Mathematical analyses
Linear interpolation
In order to make comparisons of the relative potency of chemical sensitizers, the estimated concentration of chemical required to induce an SI of three relative to concurrent vehicle-treated controls, or EC3 value, is derived by linear interpolation of dose response data. The EC3 value is calculated by interpolating between two points on the SI axis, one imm ediately above, and the other immediately below, the SI value of three. The vehicle-treated control (by definition, SI = 1) cannot be used for the latter. Where the data points lying immediately above and below the SI value of three have the co-ordinates (a,b) and (c,d) respectively, then the EC3 value is calculated using the following equation
EC3=c+[(3-d)/(b-d)](a-c).
Log-linear extrapolation
In certain situations where the dose–response does not incorporate a data point lying below the SI value of three, provided the data are of good quality (relatively close to an SI of three and evidence of a dose response; See data interpretation section), an EC3 value may be estimated by using the two doses closest to the SI value of three.

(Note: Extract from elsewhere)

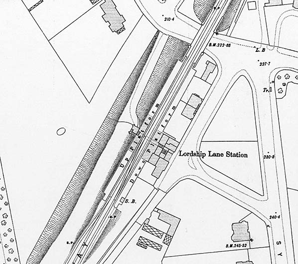 Notes: To meet conditions laid down by Dulwich College, the road overbridge was elaborately ornamented and the station house picturesquely styled with two steeply-gabled roofs over its red brick and stone. Elsewhere cost was kept down by using timber construction. The station was a short distance from Forest Hill station on the LBSCR main line, Lordship Lane had to share what little traffic this villa district produced.
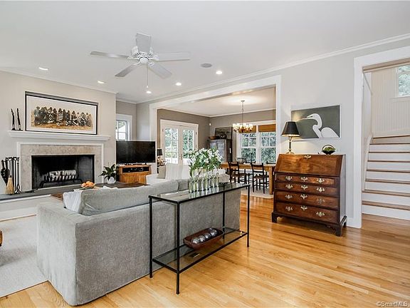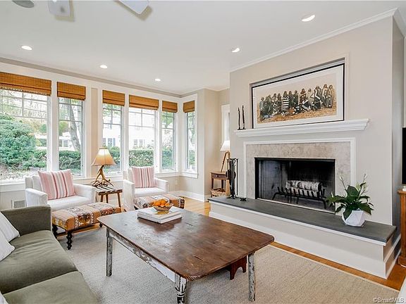 Amazing Rowayton location. Quiet street, halfway between train & village. Craftsman style colonial designed & built in 2003. Light-filled with beautiful gardens, this is a flexible 3-4 bedroom home. Ideal for entertaining. Dutch door entrance to open floor plan. Living room has fireplace & dining room's French doors open to large private deck. Gourmet kitchen has stainless steel appliances, honed bluestone counters, two pantries, & farmhouse sink. Main level has hardwood floors, 10' ceilings, & guest bedroom with full bath. Upstairs 10' hipped ceiling define expansive master suite. Comfortable library area doubles as office. Sunny bedroom has fireplace. Completing suite are largeCalifornia closet, his & hers master bath with spa tub, separate shower & wc. Lower level adds two bedrooms & full bath. Laundry room, one car attached garage & carport. French doors to outdoor terrace. Large driveway for off-street parking.

The EC3 value is estimated by log-linear interpolation between these two points on a plane where the x-axis represents the dose level and the y-axis represents the SI. The point with the higher SI is denoted (a,b) and the point with the lower SI is denoted (c,d). The formula for the EC3 estimate is as follows:
EC3=2^(log2(c)+(3-d)/(b-d)*(log2(a)-log2(c))),
by log-transforming the doses, EC3 estimates will never fall below zero.
The chemical were categorized with respect to relative skin sensitising activity based on derived EC3 valuesby defining four categories with the descriptors: Extreme, Strong, Moderate and Weak [Kimber etl al, 2003]. The scheme distinguishes between contact allergens on the basis of 10-fold variations in potency—as illustrated in table below.
The LLNA dataset consists of 238 substances, randomly split into a training (n = 215) and a test (n = 23) set. QSAR models were developed using only chemicals in the training set. Results were validated using the test set.
Experimental data from different sources is considered reliable (Golla et al, 2009). The EC3 experimental data accuracy is known to be variable at best. The same data has been modeled before with an alternative approach, which supports consistency (Golla et al, 2009).
Neural network
Neural network
Nonlinear QSAR: Backpropagation Neural Network (Multilayer Perceptron) classification
Neural network algorithm based on neural network predictor with structure 7-7-6-1. The precise explicit algorithm of the network is given in supplementary file ANN.snn. Descriptor selection explained in 4.4.
Avg nucleophilic reactivity index (AM1) for H atoms , (1/eV)
Relative number of N atoms ,
Global softness: 1/(LUMO - HOMO) (AM1) , (1/eV)
HA dependent HDCA-1 (AM1) (all) , (Å2)
Highest e-e repulsion (1-center) (AM1) for Br atoms , (eV)
RNCG Relative negative charge (QMNEG/QTMINUS) (AM1),
Highest n-n repulsion (AM1) for N - O bonds , (eV)
1)Initial pool of ~1000 descriptors. Stepwise descriptor selection based on a set of statistical selection rules:
1-parameter equations: Fisher criterion and R2 over threshold, variance and t-test value over threshold, intercorrelation with another descriptor not over threshold),
2 parameter equations: intercorrelation coefficient below threshold, significant correlation with endpoint in terms of correlation coefficient and t-test.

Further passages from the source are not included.